Publication year2022
AuthorWritten by Dr. Lance Eliot
WHAT LAWYERS NEED TO KNOW ABOUT AI IN THE LAW AMID THE LATEST IN LEGAL LANGUAGE MIMICRY

Written by Dr. Lance Eliot

ABSTRACT

This article explores the emergence of Artificial Intelligence (AI) technology known as Large Language Models (LLMs) that are able to generate or transform text into computer-produced narratives appearing to be human-written. Besides examining the rise of LLM technology in contemporary societal uses such as chatbots, the latest in legal research is embarking on trying to use such AI to perform legal tasks. A recent research effort described here has applied an LLM to the California Bar Exam and illustrates the strengths and weaknesses of this latest AI capability. Lawyers, judges, and others in the legal profession will likely encounter LLMs in the latest LegalTech used for law offices and within the courts, thus, legal professionals need to be sufficiently apprised of the benefits and drawbacks associated with this newest form of AI.

INTRODUCTION

Artificial Intelligence (AI) is increasingly being applied to the performance of legal tasks.
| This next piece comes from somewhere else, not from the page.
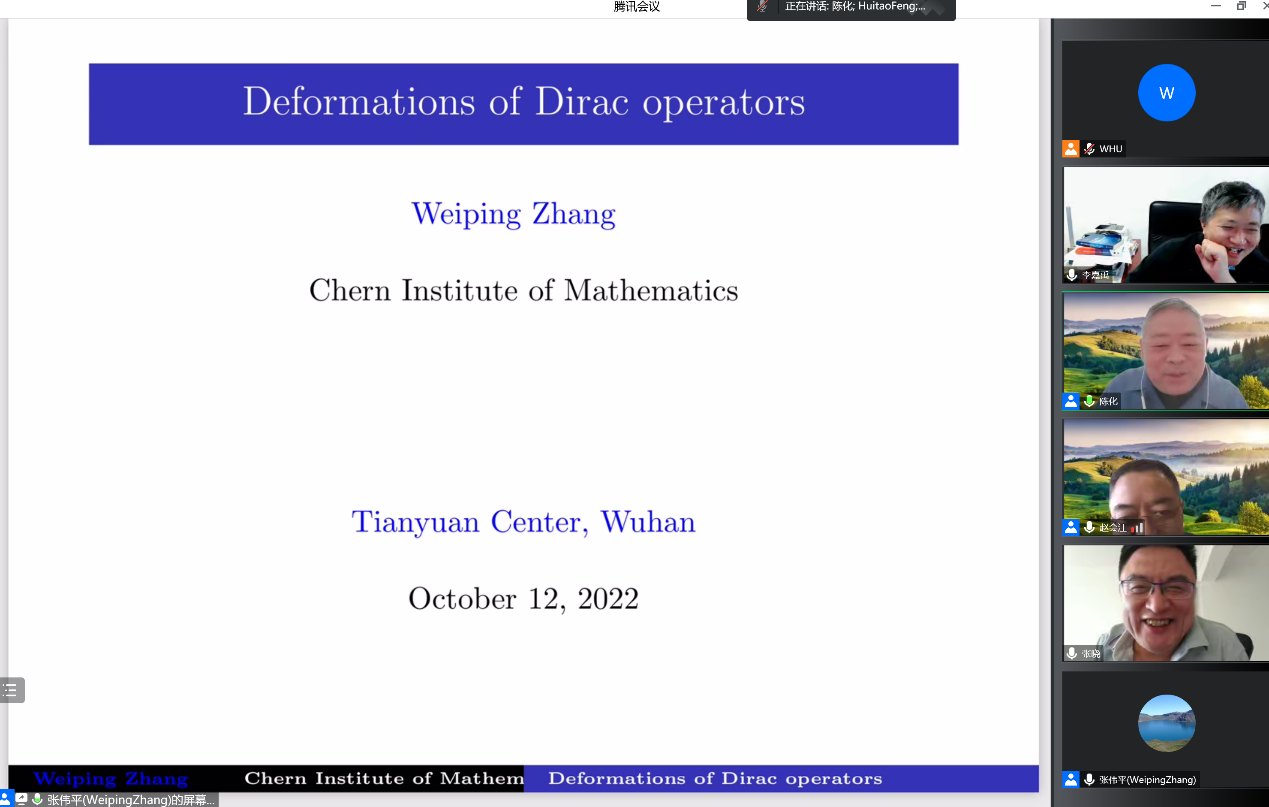 讲学,在国家天元数学中部中心作题为“Deformations of Dirac Operators”的线上Colloquium学术报告。来自日本和欧洲以及国内多位著名专家学者近300人踊跃参加,爱情岛

The ABA has identified six primary areas in that AI is transforming the enactment of legal services, consisting of litigation review, expertise automation, legal research, contract analytics, contract and litigation document generation, and predictive analytics.01 LegalTech apps have emerged that infuse AI capabilities such as Natural Language Processing for eDiscovery when exploring a large corpus of discovery documents, whilst in the realm of Contract Life Cycle Management there are advanced AI features being used to scrutinize contracts and compose legally compliant contractual passages.02

Among the various types of AI techniques and technologies, one of the newest AI approaches consists of being able to generate natural language narratives. These AI-based programs are used to produce compositions that appear to be human written. The underlying algorithms are trained on everyday written compositions such as found on the Internet and seek to mimic the text by an intricate form of computational pattern matching. Within the parlance of the AI field, these algorithms are known variously as generators, transformers, or more popularly Large Language Models (LLMs).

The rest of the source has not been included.